■ **Provided data**
◆ ◆ ◆ ◆ ◆
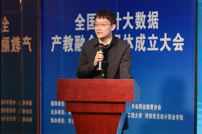 本次會議以數智賦能構建統(tǒng)計大數據人才培養(yǎng)生態(tài)為主題,探討新形勢下統(tǒng)計大數據產教融合共同體面臨的機遇和挑戰(zhàn)。河南信息統(tǒng)計職業(yè)學院作為發(fā)起單位,將以此次共同體成立為契機,通過打造共同體平臺,進一步促進產教融合的交流與合作,搭建產業(yè)界與教育界之間的橋梁,推動人才培養(yǎng)、技術創(chuàng)新和產業(yè)的升級,為全國統(tǒng)計大數據產教融合發(fā)展注入新的活力與動力。(河南信息統(tǒng)計職業(yè)學院供稿)
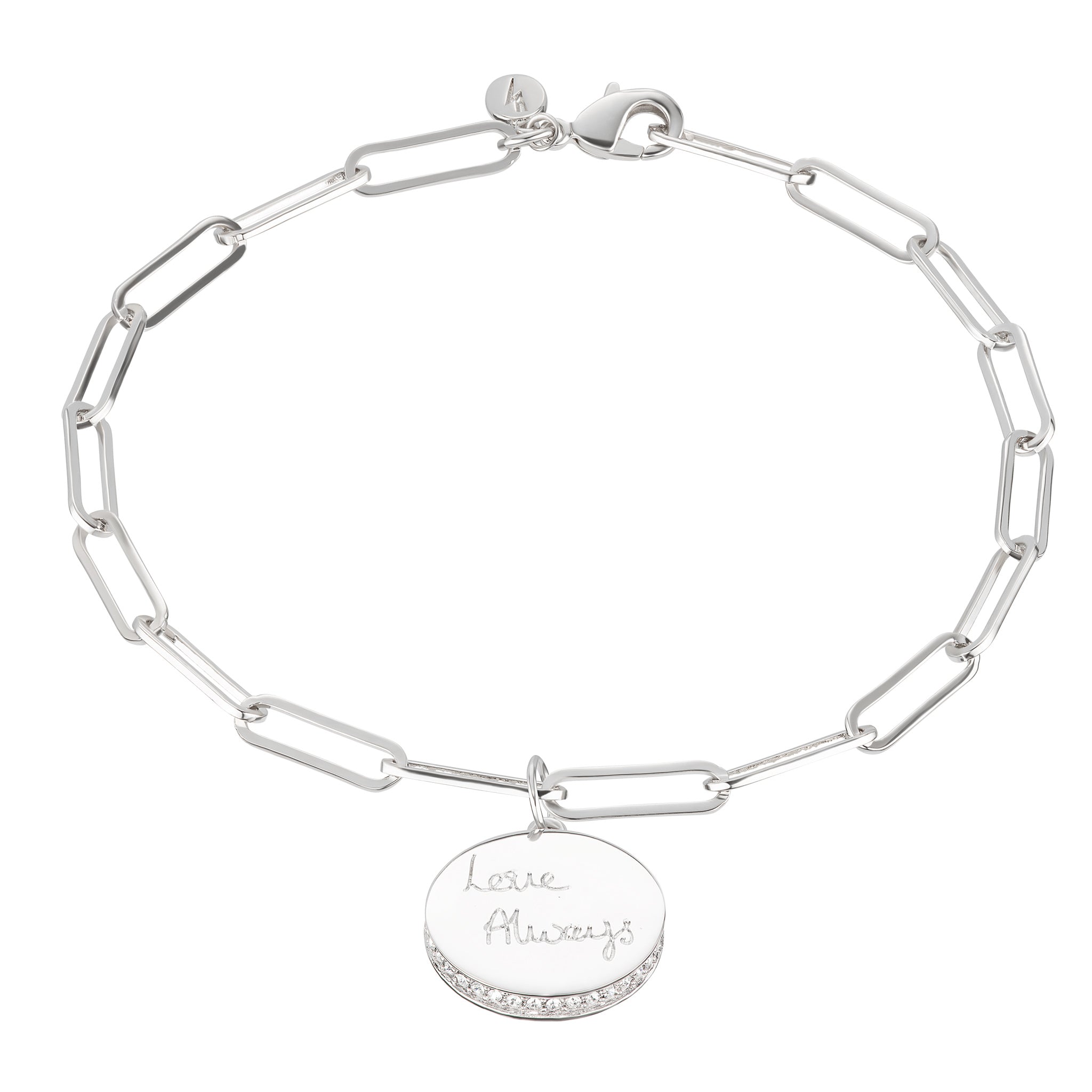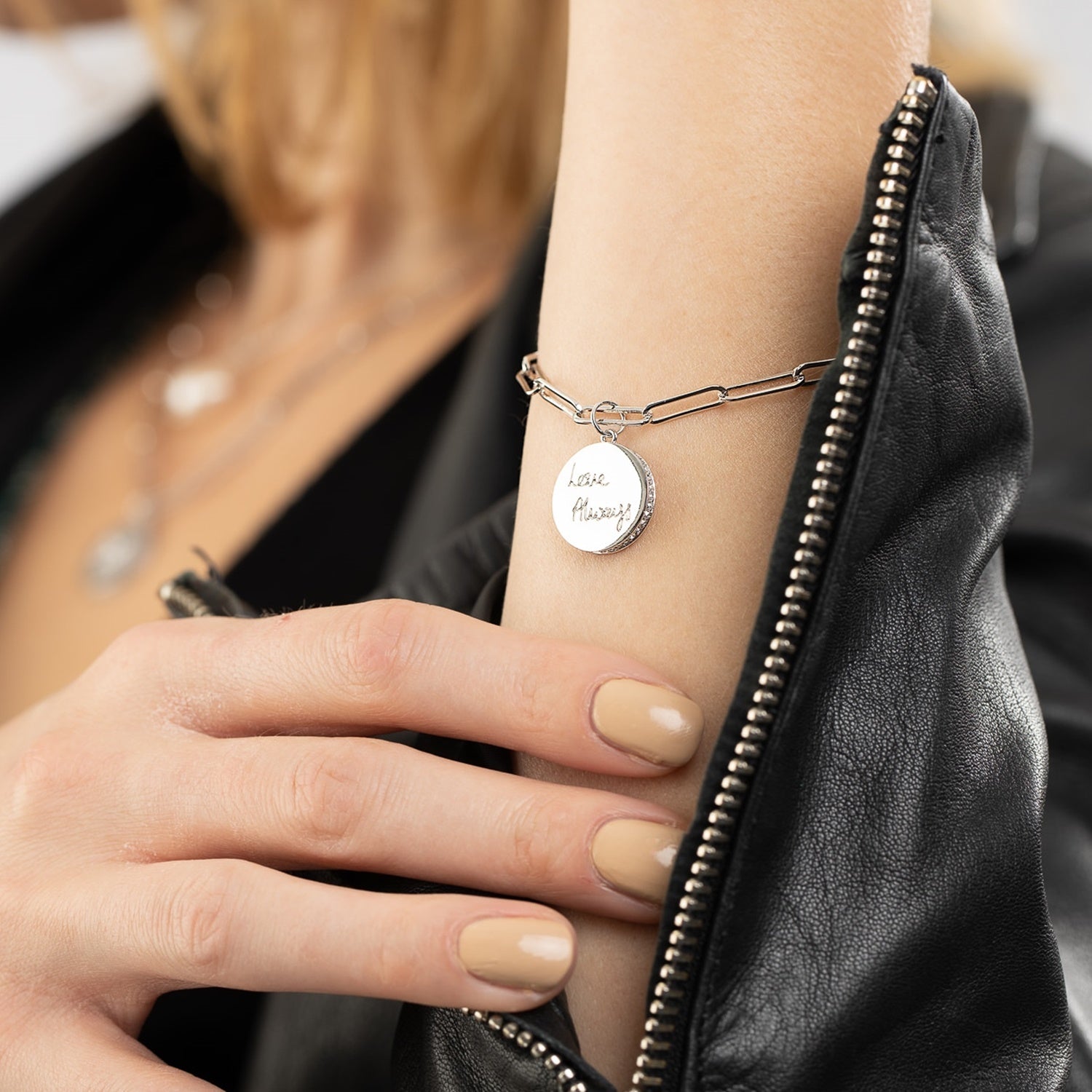 Designed by Hannah Martin this stunning love always bracelet is a design that is close to Hannah's heart. The double sided coin pendant features a 'hugs and kisses' design studded with a dazzling display of clear cubic zirconia stones and a 'love always' in Hannah's handwriting engraved on the back. The stylish long link chain is easy to adjust with the lobster clasp fastening, which can be clipped anywhere along the chain to allow you to find the perfect fit. A stunning design ideal for everyday wear - why not coordinate this bracelet with Hannah's matching Love Always Necklace.
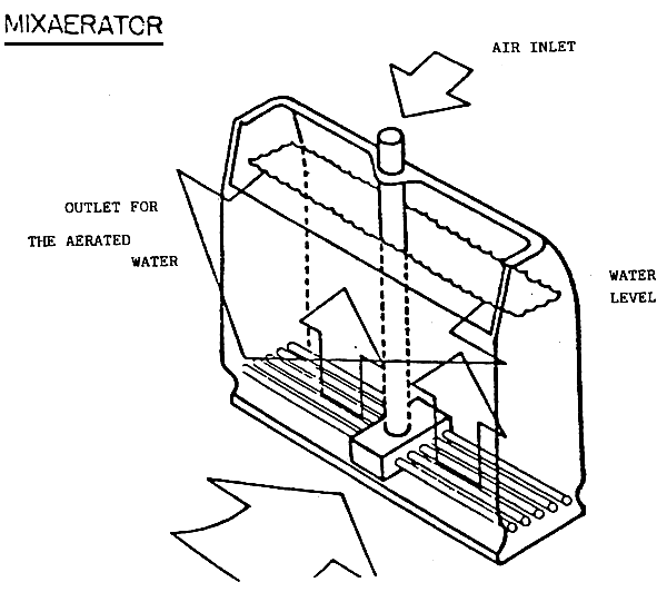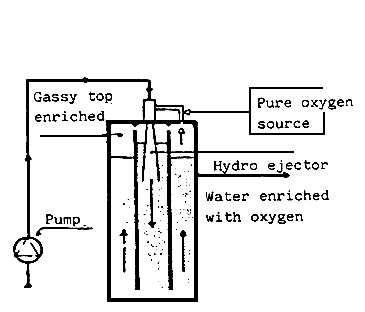 | Classic aerator (Turbines with specific supplies of 0,8 Kg 02/KWH) | Temperature : 20° C Oxygen tenor of water saturation : 8,88 mg/l | Pure oxygen devices (Hydro-ejectors under watertight covers) | ||||
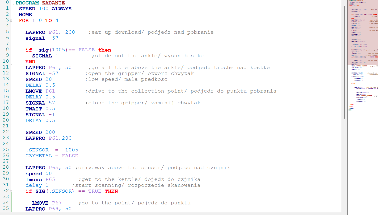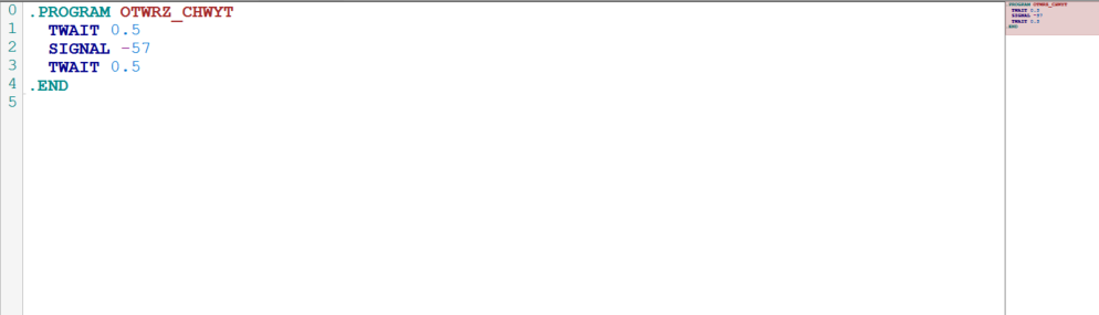 W programie został użyty podprogram OTWRZ_CHWYT,wywołany za pomocą funkcji CALL.
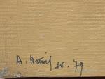 Philippe ARTIAS (1912-2002) Personnages, 1979. Acrylique sur toile signée et datée en bas à gauche, contresignée et datée au dos 50.5 x 70.5 cm (restauration)
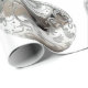 Regalo Ornamentos plateados sobre papel de envolvimiento
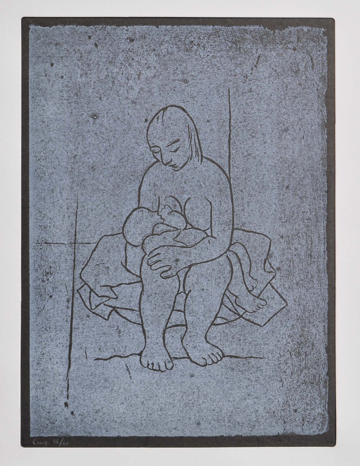 Felice Casorati (1883 - 1963) Maternità, 1962;Acquatinta su carta entro passapartout, ca.
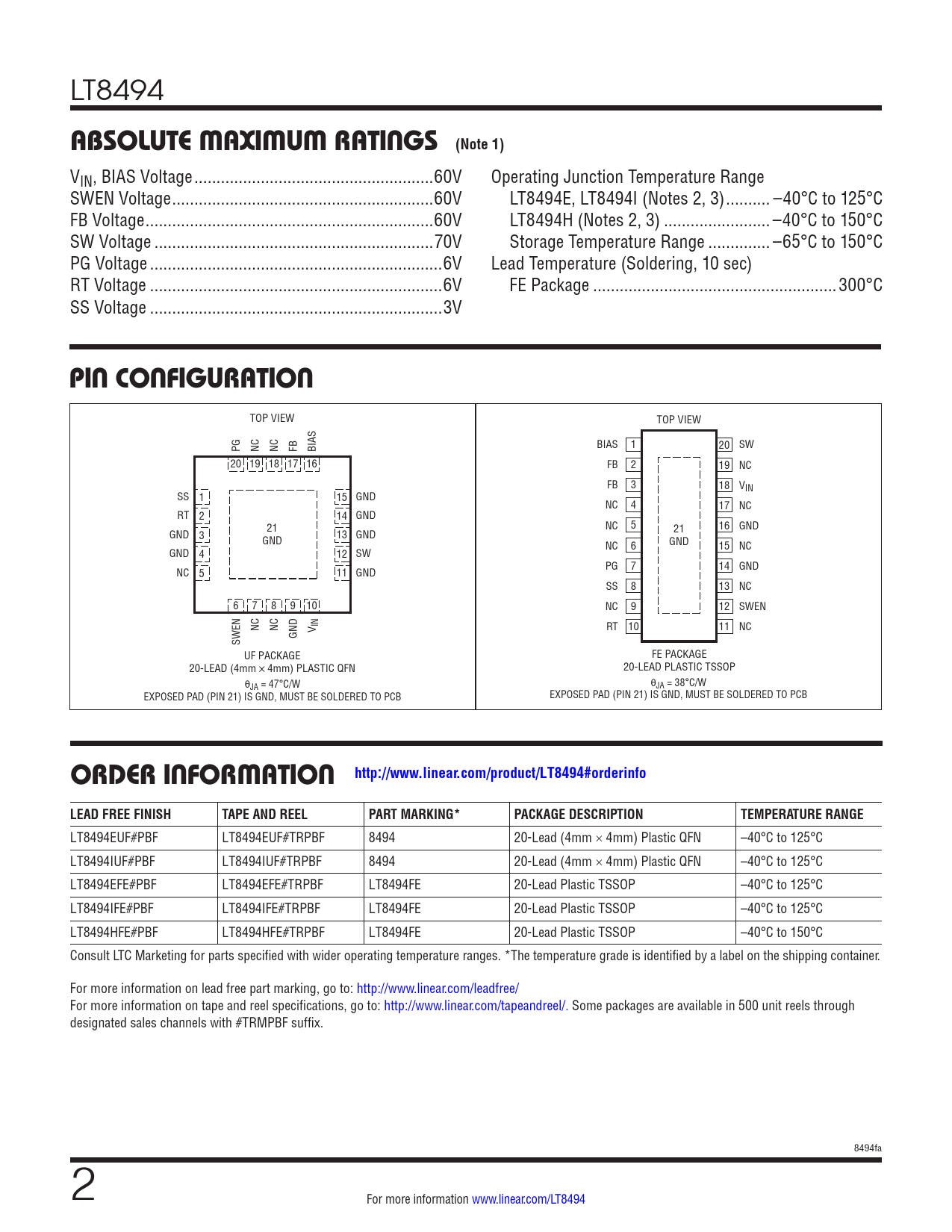LT8494 ABSOLUTE MAXIMUM RATINGS (Note 1) VIN, BIAS Voltage ..60V Operating Junction Temperature Range SWEN Voltage ...60V LT8494E, LT8494I (Notes 2, 3) .. –40°C to 125°C FB Voltage ...60V LT8494H (Notes 2, 3) .. –40°C to 150°C SW Voltage ...70V Storage Temperature Range .. –65°C to 150°C PG Voltage ..6V Lead Temperature (Soldering, 10 sec) RT Voltage ..6V FE Package ...300°C SS Voltage ..3V PIN CONFIGURATION TOP VIEW TOP VIEW PG NC NC FB BIAS BIAS 1 20 SW 20 19 18 17 16 FB 2 19 NC FB 3 18 VIN SS 1 15 GND NC 4 17 NC RT 2 14 GND 21 NC 5 16 GND GND 3 21 GND 13 GND NC 6 GND 15 NC GND 4 12 SW PG 7 NC 14 GND 5 11 GND SS 8 13 NC 6 7 8 9 10 NC 9 12 SWEN NC NC RT 10 11 NC GND V IN SWEN UF PACKAGE FE PACKAGE 20-LEAD (4mm × 4mm) PLASTIC QFN 20-LEAD PLASTIC TSSOP θJA = 47°C/W θJA = 38°C/W EXPOSED PAD (PIN 21) IS GND, MUST BE SOLDERED TO PCB EXPOSED PAD (PIN 21) IS GND, MUST BE SOLDERED TO PCB ORDER INFORMATION http://www.linear.com/product/LT8494#orderinfoLEAD FREE FINISHTAPE AND REELPART MARKING*PACKAGE DESCRIPTIONTEMPERATURE RANGE LT8494EUF#PBF LT8494EUF#TRPBF 8494 20-Lead (4mm × 4mm) Plastic QFN –40°C to 125°C LT8494IUF#PBF LT8494IUF#TRPBF 8494 20-Lead (4mm × 4mm) Plastic QFN –40°C to 125°C LT8494EFE#PBF LT8494EFE#TRPBF LT8494FE 20-Lead Plastic TSSOP –40°C to 125°C LT8494IFE#PBF LT8494IFE#TRPBF LT8494FE 20-Lead Plastic TSSOP –40°C to 125°C LT8494HFE#PBF LT8494HFE#TRPBF LT8494FE 20-Lead Plastic TSSOP –40°C to 150°C Consult LTC Marketing for parts specified with wider operating temperature ranges. *The temperature grade is identified by a label on the shipping container. For more information on lead free part marking, go to: http://www.linear.com/leadfree/ For more information on tape and reel specifications, go to: http://www.linear.com/tapeandreel/. Some packages are available in 500 unit reels through designated sales channels with #TRMPBF suffix. 8494fa 2 For more information www.linear.com/LT8494 Document Outline Features Applications Typical Application Description Absolute Maximum Ratings Pin Configuration Order Information Electrical Characteristics Typical Performance Characteristics Pin Functions Block Diagram Operation Applications Information Typical Application Related Parts
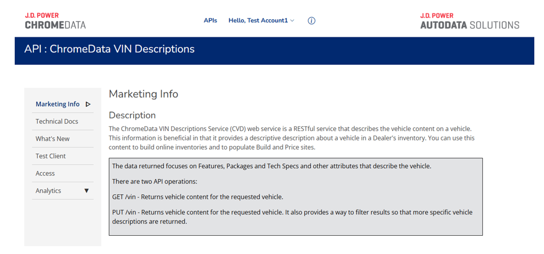 - This will take you to the Customer API Portal homepage https://portal.jdpower.com/
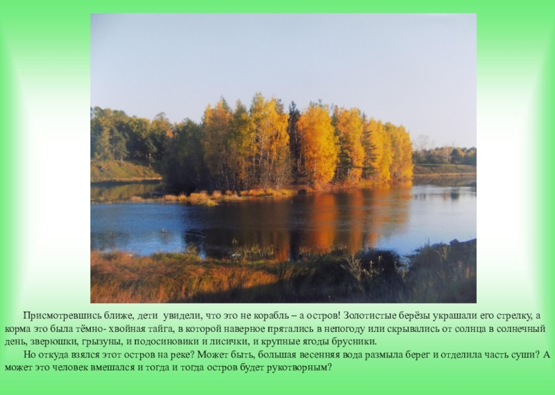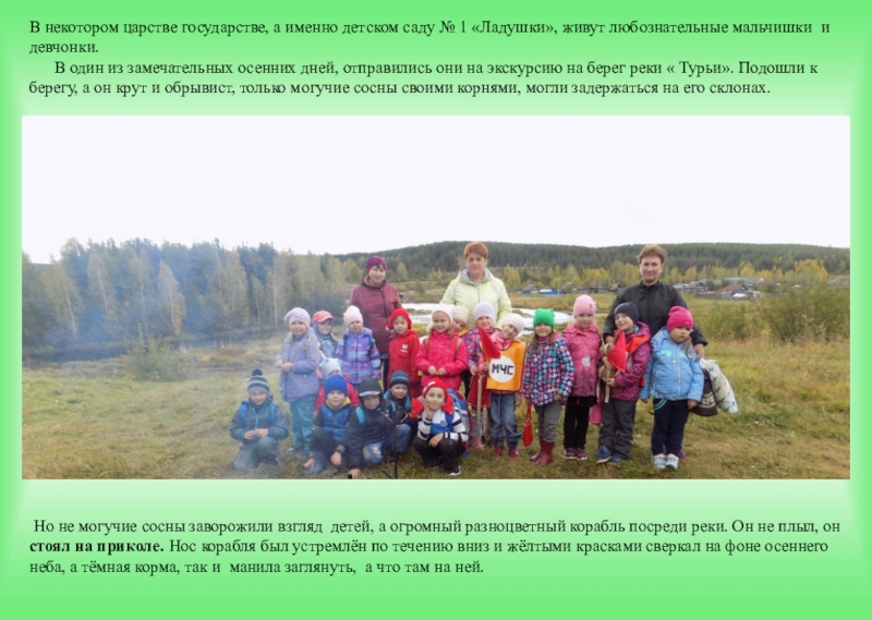Но не могучие сосны заворожили взгляд детей, а огромный разноцветный корабль посреди реки. Он не плыл, он стоял на приколе. Нос корабля был устремлён по течению вниз и жёлтыми красками сверкал на фоне осеннего неба, а тёмная корма, так и манила заглянуть, а что там на ней.
◆ ◆ ◆ ◆ ◆
■ **Instructions for the task**
Print out all the material word for word but exclude any images.

■ **Response**
 本次會議以數智賦能構建統(tǒng)計大數據人才培養(yǎng)生態(tài)為主題,探討新形勢下統(tǒng)計大數據產教融合共同體面臨的機遇和挑戰(zhàn)。河南信息統(tǒng)計職業(yè)學院作為發(fā)起單位,將以此次共同體成立為契機,通過打造共同體平臺,進一步促進產教融合的交流與合作,搭建產業(yè)界與教育界之間的橋梁,推動人才培養(yǎng)、技術創(chuàng)新和產業(yè)的升級,為全國統(tǒng)計大數據產教融合發(fā)展注入新的活力與動力。(河南信息統(tǒng)計職業(yè)學院供稿)
 Designed by Hannah Martin this stunning love always bracelet is a design that is close to Hannah's heart. The double sided coin pendant features a 'hugs and kisses' design studded with a dazzling display of clear cubic zirconia stones and a 'love always' in Hannah's handwriting engraved on the back. The stylish long link chain is easy to adjust with the lobster clasp fastening, which can be clipped anywhere along the chain to allow you to find the perfect fit. A stunning design ideal for everyday wear - why not coordinate this bracelet with Hannah's matching Love Always Necklace.
 | Classic aerator (Turbines with specific supplies of 0,8 Kg 02/KWH) | Temperature : 20° C Oxygen tenor of water saturation : 8,88 mg/l | Pure oxygen devices (Hydro-ejectors under watertight covers) | ||||
 W programie został użyty podprogram OTWRZ_CHWYT,wywołany za pomocą funkcji CALL.
 Philippe ARTIAS (1912-2002) Personnages, 1979. Acrylique sur toile signée et datée en bas à gauche, contresignée et datée au dos 50.5 x 70.5 cm (restauration)
 Regalo Ornamentos plateados sobre papel de envolvimiento
 Felice Casorati (1883 - 1963) Maternità, 1962;Acquatinta su carta entro passapartout, ca.
LT8494 ABSOLUTE MAXIMUM RATINGS (Note 1) VIN, BIAS Voltage ..60V Operating Junction Temperature Range SWEN Voltage ...60V LT8494E, LT8494I (Notes 2, 3) .. –40°C to 125°C FB Voltage ...60V LT8494H (Notes 2, 3) .. –40°C to 150°C SW Voltage ...70V Storage Temperature Range .. –65°C to 150°C PG Voltage ..6V Lead Temperature (Soldering, 10 sec) RT Voltage ..6V FE Package ...300°C SS Voltage ..3V PIN CONFIGURATION TOP VIEW TOP VIEW PG NC NC FB BIAS BIAS 1 20 SW 20 19 18 17 16 FB 2 19 NC FB 3 18 VIN SS 1 15 GND NC 4 17 NC RT 2 14 GND 21 NC 5 16 GND GND 3 21 GND 13 GND NC 6 GND 15 NC GND 4 12 SW PG 7 NC 14 GND 5 11 GND SS 8 13 NC 6 7 8 9 10 NC 9 12 SWEN NC NC RT 10 11 NC GND V IN SWEN UF PACKAGE FE PACKAGE 20-LEAD (4mm × 4mm) PLASTIC QFN 20-LEAD PLASTIC TSSOP θJA = 47°C/W θJA = 38°C/W EXPOSED PAD (PIN 21) IS GND, MUST BE SOLDERED TO PCB EXPOSED PAD (PIN 21) IS GND, MUST BE SOLDERED TO PCB ORDER INFORMATION http://www.linear.com/product/LT8494#orderinfoLEAD FREE FINISHTAPE AND REELPART MARKING*PACKAGE DESCRIPTIONTEMPERATURE RANGE LT8494EUF#PBF LT8494EUF#TRPBF 8494 20-Lead (4mm × 4mm) Plastic QFN –40°C to 125°C LT8494IUF#PBF LT8494IUF#TRPBF 8494 20-Lead (4mm × 4mm) Plastic QFN –40°C to 125°C LT8494EFE#PBF LT8494EFE#TRPBF LT8494FE 20-Lead Plastic TSSOP –40°C to 125°C LT8494IFE#PBF LT8494IFE#TRPBF LT8494FE 20-Lead Plastic TSSOP –40°C to 125°C LT8494HFE#PBF LT8494HFE#TRPBF LT8494FE 20-Lead Plastic TSSOP –40°C to 150°C Consult LTC Marketing for parts specified with wider operating temperature ranges. *The temperature grade is identified by a label on the shipping container. For more information on lead free part marking, go to: http://www.linear.com/leadfree/ For more information on tape and reel specifications, go to: http://www.linear.com/tapeandreel/. Some packages are available in 500 unit reels through designated sales channels with #TRMPBF suffix. 8494fa 2 For more information www.linear.com/LT8494 Document Outline Features Applications Typical Application Description Absolute Maximum Ratings Pin Configuration Order Information Electrical Characteristics Typical Performance Characteristics Pin Functions Block Diagram Operation Applications Information Typical Application Related Parts
 - This will take you to the Customer API Portal homepage https://portal.jdpower.com/
Но не могучие сосны заворожили взгляд детей, а огромный разноцветный корабль посреди реки. Он не плыл, он стоял на приколе. Нос корабля был устремлён по течению вниз и жёлтыми красками сверкал на фоне осеннего неба, а тёмная корма, так и манила заглянуть, а что там на ней.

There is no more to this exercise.